Il Fondo è finalizzato a “progetti di costruzione, ristrutturazione, messa in sicurezza e riqualificazione di asili nido, scuole dell’infanzia e centri polifunzionali per i servizi alla famiglia, con priorità per le strutture localizzate nelle aree svantaggiate del Paese e nelle periferie urbane, con lo scopo di rimuovere gli squilibri economici e sociali ivi esistenti”.
Ma anche a “progetti volti alla riconversione di spazi delle scuole dell’infanzia oggi inutilizzati, con la finalità di riequilibrio territoriale, anche nel contesto di progetti innovativi finalizzati all’attivazione di servizi integrativi che concorrono all’educazione dei bambini e soddisfino i bisogni delle famiglie in modo flessibile e diversificato sotto il profilo strutturale ed organizzativo”.
L’emendamento dispone che, per la realizzazione degli interventi suddetti, “i comuni elaborano progetti di ristrutturazione e riqualificazione degli asili nido esistenti nel proprio territorio”. Un DPCM da emanarsi entro giugno 2020 individuerà le modalità e le procedure di trasmissione dei progetti da parte dei comuni e le regole di riparto e di utilizzo delle risorse. Entro i successivi tre mesi, il Ministero dell’Interno individuerà gli enti beneficiari, gli interventi ammessi al finanziamento e il relativo importo.
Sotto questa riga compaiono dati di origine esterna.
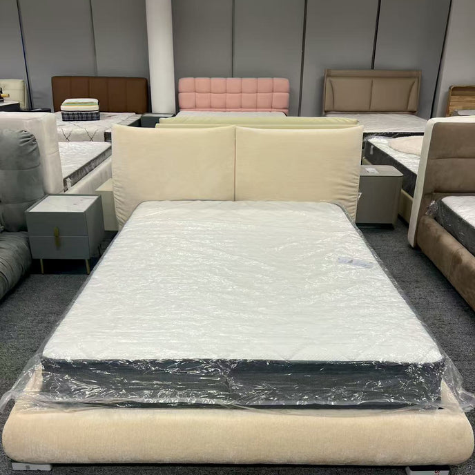 Crafted for elegance and versatility, this handmade solid wood bed features a plush chenille-upholstered headboard that can be gently bent or folded to transform its shape. Whether you prefer a high backrest for reading or a sleek low profile for minimalism, the flexible design adapts effortlessly to your needs.

Sebbene la prima parte dell’emendamento indichi, tra le finalità, la costruzione di asili nido, scuole dell’infanzia e centri polifunzionali per i servizi alla famiglia, nel prosieguo del testo è definita la procedura di presentazione dei progetti e di finanziamento degli interventi relativi esclusivamente alla “ristrutturazione e riqualificazione degli asili nido esistenti”.
Anche il Dossier dei Servizio Studi del Senato rileva che “lo stesso comma 25 fa riferimento solo a progetti di ristrutturazione e riqualificazione e non anche a progetti di costruzione o di messa in sicurezza, come invece previsto dal comma 24. Appare opportuna una ridefinizione di tali profili” – concludono i tecnici di Palazzo Madama.

Una ridefinizione è dunque necessaria per non rischiare di dare priorità al miglioramento delle strutture esistenti, indirizzando quindi le risorse verso i Comuni già dotati del servizio, e rinviare la costruzione di nuovi asili nido nei territori che ne sono sprovvisti.
Quello degli asili nido è un tema molto sensibile, soprattutto dopo che il giornalista de ‘Il Mattino’ di Napoli, Marco Esposito, nel suo recente libro ‘Zero al Sud’, ha messo nero su bianco i dati che dimostrano la grave sperequazione fra i territori in termini di servizi per i bambini.
La formulazione definitiva del testo arriverà quando la Legge di Bilancio 2020 verrà approvata.